Nathan Daniels
Lecturer
Nathan Daniels is a PhD Candidate in the History Department at Johns Hopkins University, prior to which, he earned a BA in Medieval Studies and Musicology from Oberlin College and an MA in History at San Francisco State University. Nathan is broadly interested in the urban history of the Middle Ages, with a particular focus on the construction and uses of urban space in fourteenth-century Paris. His research has been funded by the Medieval Academy of America and the Charles Singleton Center and Alexander Grass Humanities Institute at Hopkins.

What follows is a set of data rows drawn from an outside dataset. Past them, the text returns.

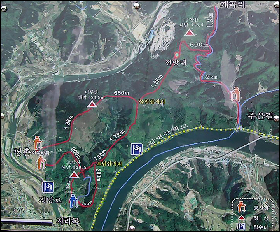그리고 경춘선 철도와 경춘가도를 통과하여 굽이굽이 흐르는 강물과 푸른 숲이 만나
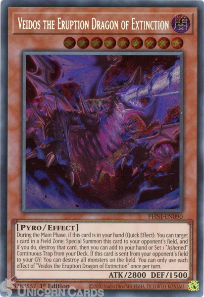- PHNI-EN090 Veidos the Eruption Dragon of Extinction :: Secret Rare 1st Edition YuGiOh Card
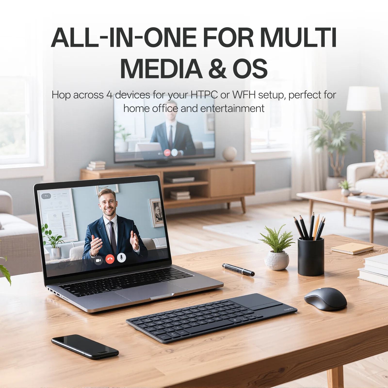 Featuring Bluetooth 5.0/4.0 + 2.4GHz tri-mode wireless connectivity, this portable HTPC keyboard provides a great way to navigate, browse, search or type on your PC-connected TV, tablet, steam deck, gaming console, SBCs, mini pc, phone and other devices with Bluetooth or USB-A port.
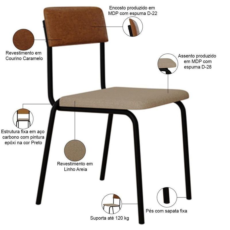 Kit 02 Cadeiras Estofada Para Sala De Jantar Sense Preto C01 Linho Areia Courino Caramelo - Lyam DecorDesfrute de momentos inesquecíveis com a Cadeira Sense, projetada para oferecer o máximo de conforto e elegância com seu design slim. Com sua estrutura de aço, assento e encosto estofados com materiais de altíssima qualidade, ela proporciona suporte ideal para longas refeições e conversas agradáveis. Além de combinar durabilidade e estilo, ela é a escolha perfeita para quem busca sofisticação e bem-estar em cada detalhe. Transforme sua sala de jantar com a nossa Cadeira Sense. Garanta já a sua!Dimensões da Cadeira (L x A x P) 47,5 x 81 x 50,5 cmAltura do chão ao assento: 47,5 cm Largura do encosto: 41 cm Altura do encosto: 17 cm Profundidade do assento: 40 cmCaracterísticas: Estrutura fixa em aço carbono com pintura epóxi na cor preto. Encosto produzido em MDP com espuma D-22. Assento produzido em MDP com espuma D-28. Revestimento em Linho Areia Courino Caramelo. Pés com sapatas fixa. Peso suportado de até 120 kg.- Por se tratar de estofado as medidas podem ter uma pequena variação de até 3 cm. - A tonalidade do produto real poderá ter ligeira variação devido o lote de tecidos. - A limpeza deve ser feita com pano levemente umedecido em água limpa, sem esfregar, não utilizar produtos abrasivos, desengordurantes, álcool ou solvente.Observações importantes: - Produto para uso residencial em ambiente interno, não devendo ficar exposto diretamente ao sol, calor e umidade excessivos. - Pode haver alguma diferença de tonalidade entre a imagem e o produto real, por conta do tratamento de imagens e a calibração de cores do seu monitor. - As imagens são meramente ilustrativas, não acompanham objetos de decoração e eletrônicos. - Ao receber a mercadoria, o cliente deve verificar as condições da embalagem, caso haja alguma avaria não assine o comprovante de recebimento. - Montagem, desmontagem e outras instalações serão de responsabilidade do cliente. Não nos responsabilizamos, no ato da entrega, por subir escadas/elevadores ou pelo transporte por guincho em apartamentos. Eventuais despesas são de responsabilidade do comprador. - Confira as dimensões do produto e certifique-se de que passará normalmente por supostos elevadores, portas, escadas e/ou corredores de sua residência. ColorFamily: Caramelo | Cor: Caramelo | Fabricante: Lyam Decor | ProductWeight: 11,5 kg | É empilhável: Não | Tempo de montagem: na | Cor do estofamento: AreiaCaramelo | OriginState: PR | ProductLength: 51 cm | SizeDescription: Altura: 162 cm x Largura: 48 cm x Profundidade: 51 cm | ProductWarranty: 90 dias após o recebimento do produto | Cor do assento: Areia | Material do estofamento: Aço, MDP, Linho e Couro sintético | É dobrável: Não | Firmeza: Firme | SupplierSimpleName: Kit 02 Cadeiras Estofada Para Sala de Jantar Sense Preto C01 Linho Areia Courino Caramelo - Lyam Dec | ProductContents: 02 Cadeiras | É cadeira de balanço: Não | Profundidade do assento: 40 cm | Model: Sense | Desenho do tecido: Liso | Largura da cadeira: 47,5 cm | Profundidade da cadeira: 51 cm | Requer montagem: Não | ProductHeight: 162 cm | ColorSupplier: Caramelo | MaterialFamily: Aço, MDP, Linho e Couro sintético | OriginCountry: Brasil | ProductWidth: 48 cm | Altura da cadeira: 81 cm | Cor da estrutura da cadeira: Preto | Espessura do assento: na | Peso máximo suportado: 120 kg | Color: Caramelo | ColorSimple: Caramelo | Material: Estrutura em Aço e MDP, Revestimento em Linho e Couro sintético | ProductInstructions: Produto para uso em ambiente interno, nao devendo ficar exposto ao sol, calor e umidade excessivos. | Largura do assento: NA | Altura do assento a partir do solo: 47,5 cm

Nathan’s interests extend to the digital humanities, especially the use of digital tools and technologies in academic research and public-facing publication. He is currently leading the development of the Tax Rolls of Medieval Paris Project, a TEI (Text Encoding Initiative)-based digital edition of a series of tax rolls from levies placed on the city of Paris by King Philip the Fair in the late 1200s. This project is part of a digital publishing cooperative led by the University of Virginia, recently funded by the Andrew W. Mellon Foundation. From 2018-2021, Nathan served as an Instructor in the Expository Writing Program, and has also taught in the History Department, having received both the Dean’s Teaching Fellowship and the Dean’s Prize Fellowship from the Krieger School of Arts and Sciences. He also works as a fellowship advisor and program coordinator in the JHU National Fellowships Program office.